Amaral Vivian, Marchi Luis, Martim Heber, Amaral Rodrigo, Nogueira-Neto Joes, Pierro Ellen, Oliveira Leonardo, Coutinho Etevaldo, Marcelino Fernando, Faulhaber Nicholai, Jensen Rubens, Pimenta Luiz
Instituto de Patologia da Coluna (IPC), São Paulo, SP, Brazil.
Hospital São Vicente de Paula, Jundiaí, SP, Brazil.
J Spine Surg. 2017 Sep;3(3):371-378. doi: 10.21037/jss.2017.08.05.
Low back pain can be caused by several pathological entities and its perception can be altered by external factors, for example by some psychological and social factors. The objective of this study was to compare surgical outcomes in patients with or without psychosocial issues.

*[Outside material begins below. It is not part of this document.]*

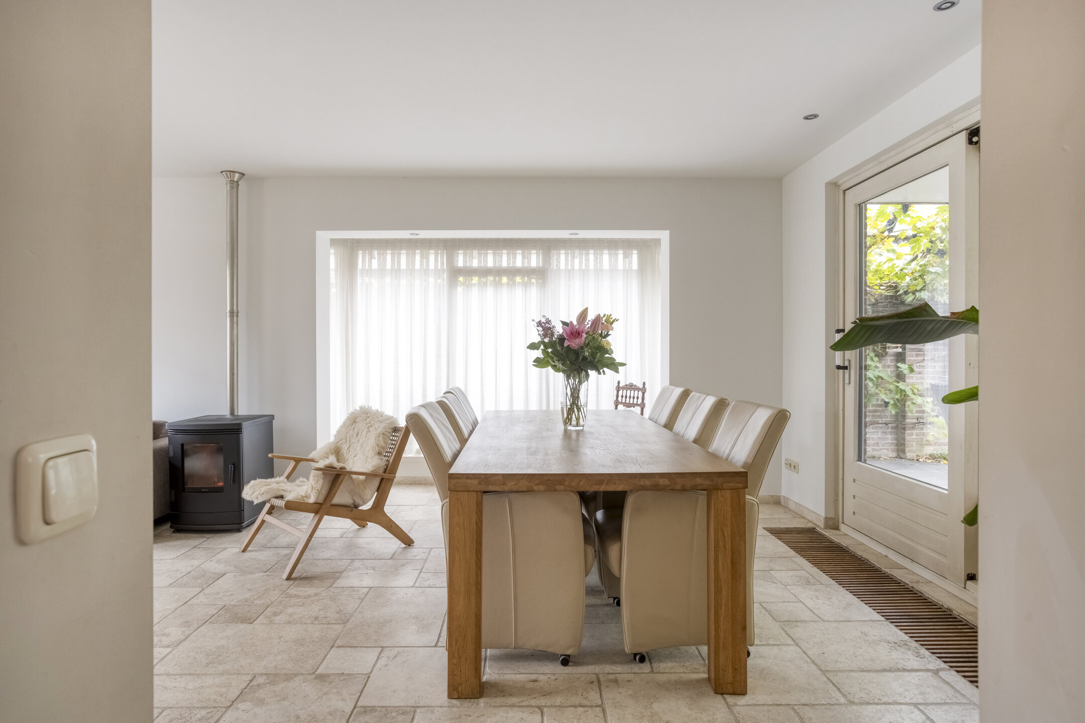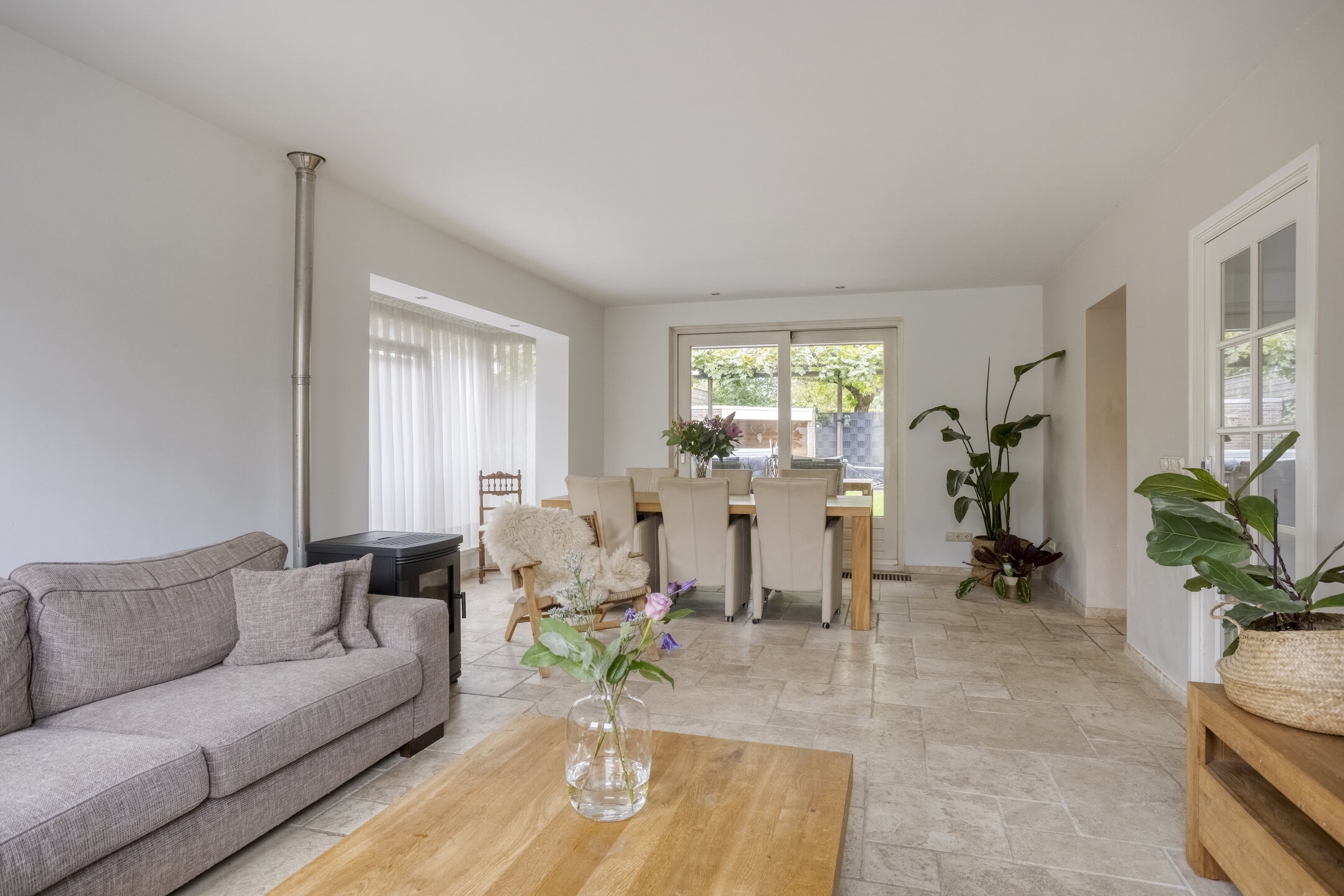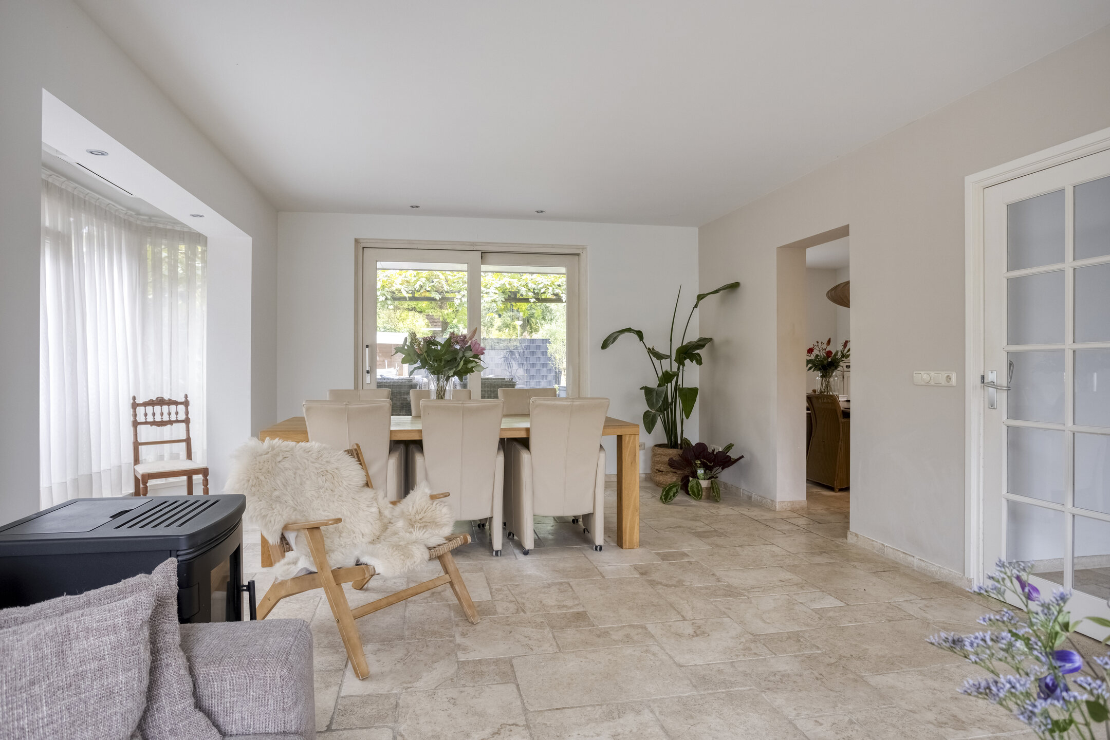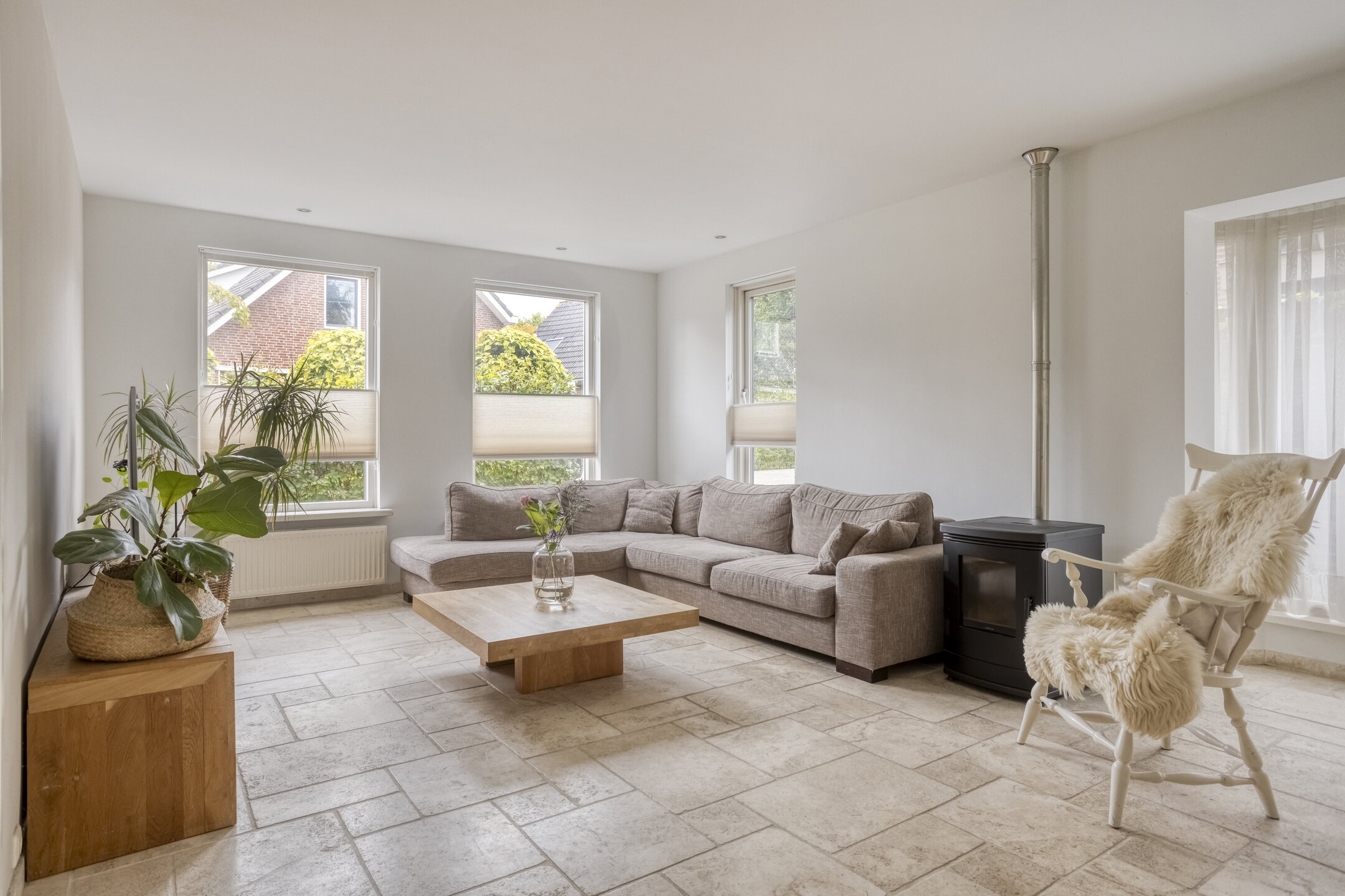 – de woonkamer is voorzien van vloerverwarming, een pelletkachel, strak gestucte plafonds met inbouwspots en een grote schuifpui naar de achtertuin;

Single center, retrospective and comparative study. Patients with indication to elective lumbar spine surgery were screened for some psychosocial factors. As a result of the screening, patients were divided in two groups: mild psychosocial issues (green group) or moderate psychosocial issues (yellow group). The groups were compared using the following variables: demographic and clinical history, depression (HAD-D), anxiety (HAD-A), pain levels [visual analogue scale (VAS)], disability [Oswestry disability index (ODI)] and quality of life [EuroQol 5D (EQ-5D)] at preop and 6-12 months follow-up.

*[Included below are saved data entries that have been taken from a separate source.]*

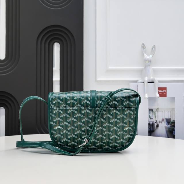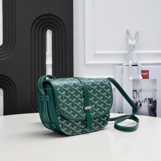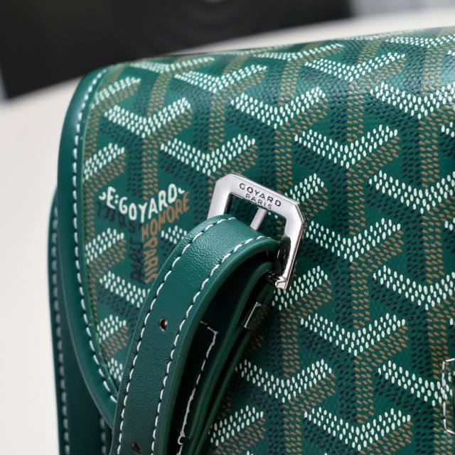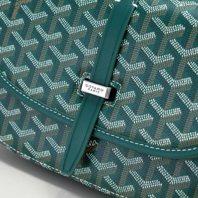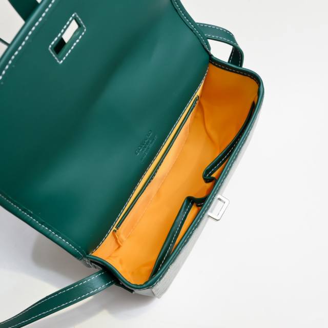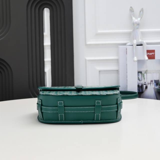 戈家 绿色 工厂P直销 新品马鞍包 BelvéDèRe BelvéDèRe 简约优雅,轻便实用。单狭带扣穿过金属环,开关自如;皮质镶边以线条的方式凸显出包身轮廓,翻盖的皮质内衬亦使包的廓形更为立体。BelvéDèRe 内置三个口袋,可妥善收纳日常必需品,并设有可调节肩带,能作为斜挎包或单肩包使用。其巧妙的设计是Goyard传统工艺的全新演绎,同时亦展现了极致简约风格与体育时尚精神 尺寸:长22*宽16*高6Cm
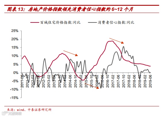 财富效应是怎么影响消费的?居民的消费行为不仅受到当期收入的影响,还会受到居民资产和财富变动的预期影响,因此财富的增值和减值也会影响改变居民消费信心和行为,即财富效应。最典型的当属房地产价格,房价上涨时,财富效应会提高消费信心促使居民增加消费;房价下跌时,居民消费信心不足从而缩减消费。从下图可以看到,房地产价格波动领先消费者信心指数约6~12个月。
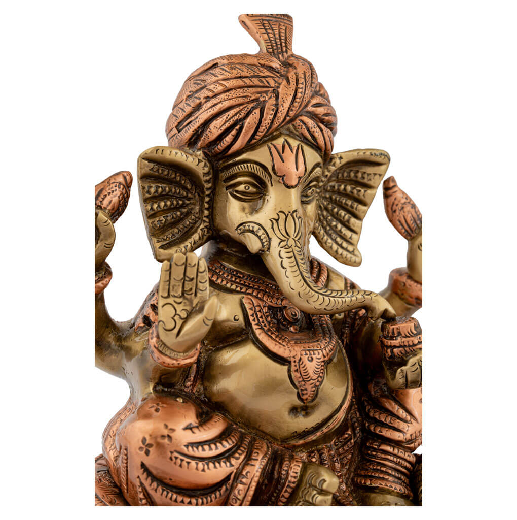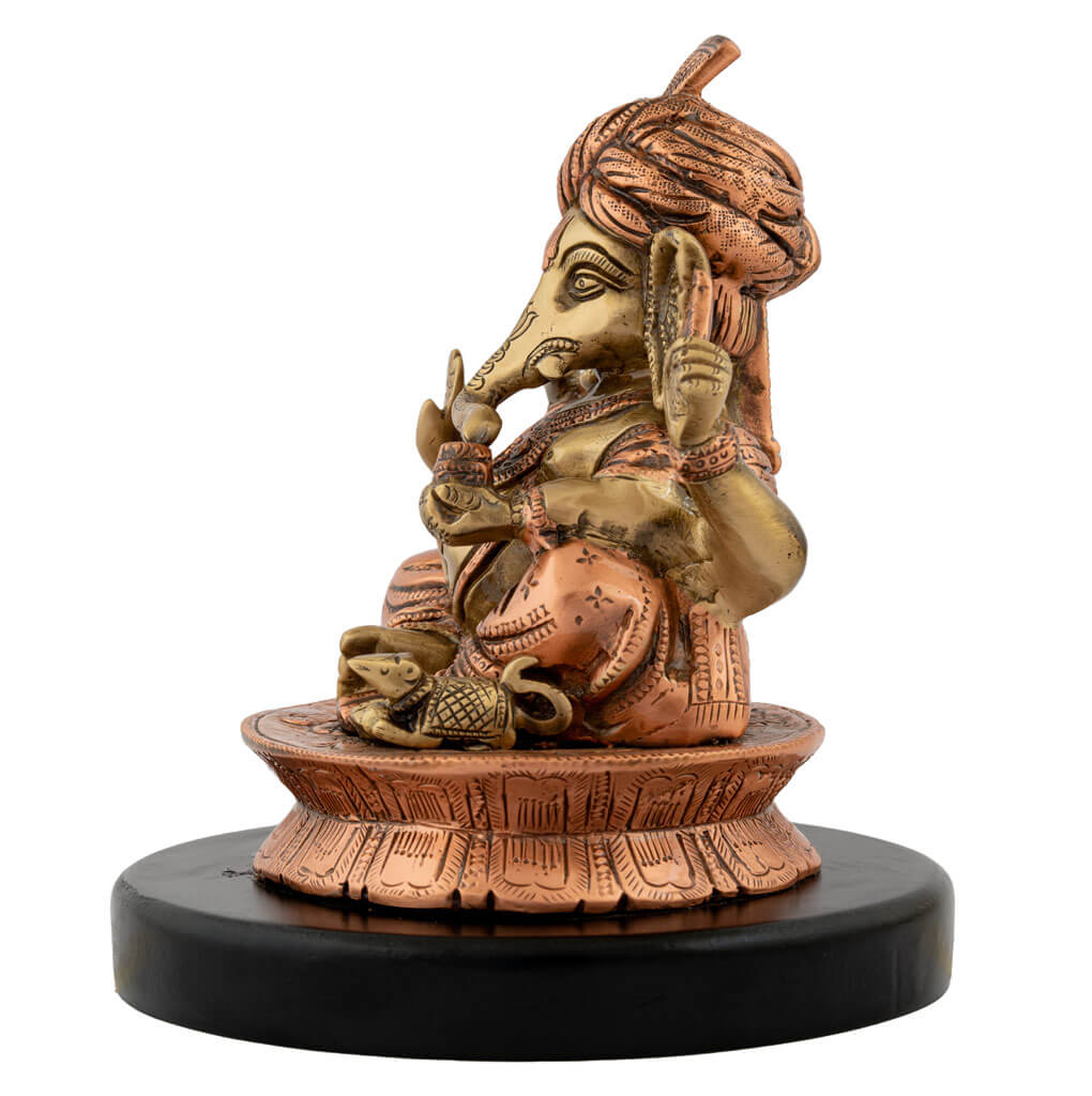 Pagadi Ganesha, also known as Turbaned Ganesha, is a unique form of Lord Ganesha depicted wearing a turban or Pagadi on his head. This particular representation of Ganesha holds cultural and religious significance in Hinduism. The turban symbolises honour, respect, and authority in many South Asian cultures, and its presence on Ganesha signifies these qualities.Pagadi Ganesha for success, wisdom, and overcoming obstacles in their endeavours

A total of 136 patients were included (51% female) in this study. The 62.5% were allocated at the green group, and 37.5% in the yellow group. Similar pain levels were observed at preop, but the green group evolved with superior improvement in pain levels after surgery (P=0.003). In the ODI and EQ-5D scales, the green group had already shown lower clinical disability at preop (P=0.009 and P=0.003, respectively) and evolved with better outcomes at the final evaluation (P=0.049 and P=0.017). VAS, ODI and EQ-5D scores improved from baseline similarly in both groups.

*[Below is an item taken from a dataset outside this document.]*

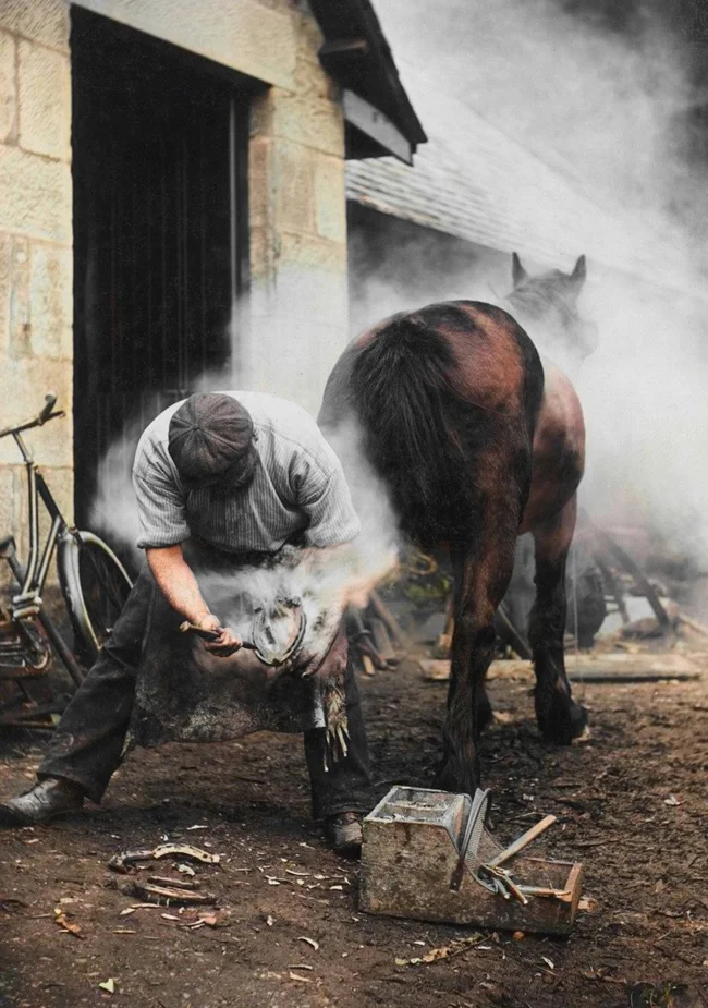 Копито розчищене, йде гаряче припасування нової підкови. І досі деякі ковалі роблять так само. До речі кінь, схоже, ломовий, на підкові гарні ґрунтозачепи видно. А знімок вийшов дуже ефектним.

Presurgical screening identify the presence of psychological distress. Psychosocial factors are correlated with poorer clinical outcomes, both in the baseline and after the surgery. Despite the differences between found, even patients with mild psychosocial impairment can experience clinical improvement with surgery.
下腰痛可由多种病理因素引起,其感知可能会受到外部因素的影响,例如一些心理和社会因素。本研究的目的是比较有或没有心理社会问题的患者的手术效果。
单中心回顾性比较研究。对有选择性腰椎手术指征的患者进行一些心理社会因素筛查。根据筛查结果,将患者分为两组:轻度心理社会问题组(绿色组)或中度心理社会问题组(黄色组)。使用以下变量对两组进行比较:术前和术后6至12个月的人口统计学和临床病史、抑郁(医院焦虑抑郁量表-抑郁分量表,HAD-D)、焦虑(医院焦虑抑郁量表-焦虑分量表,HAD-A)、疼痛程度[视觉模拟评分法(VAS)]、残疾程度[Oswestry功能障碍指数(ODI)]和生活质量[欧洲五维健康量表(EQ-5D)]。
本研究共纳入136例患者(51%为女性)。62.5%被分配到绿色组,37.5%在黄色组。术前观察到两组疼痛程度相似,但绿色组术后疼痛程度改善更明显(P=0.003)。在ODI和EQ-5D量表中,绿色组术前临床残疾程度已较低(分别为P=0.009和P=0.003),最终评估时预后更好(P=0.049和P=0.017)。两组VAS、ODI和EQ-5D评分从基线开始均有相似改善。
术前筛查可识别心理困扰的存在。心理社会因素与基线和术后较差的临床结果相关。尽管存在差异,但即使是心理社会功能轻度受损的患者,手术也能使其临床状况得到改善。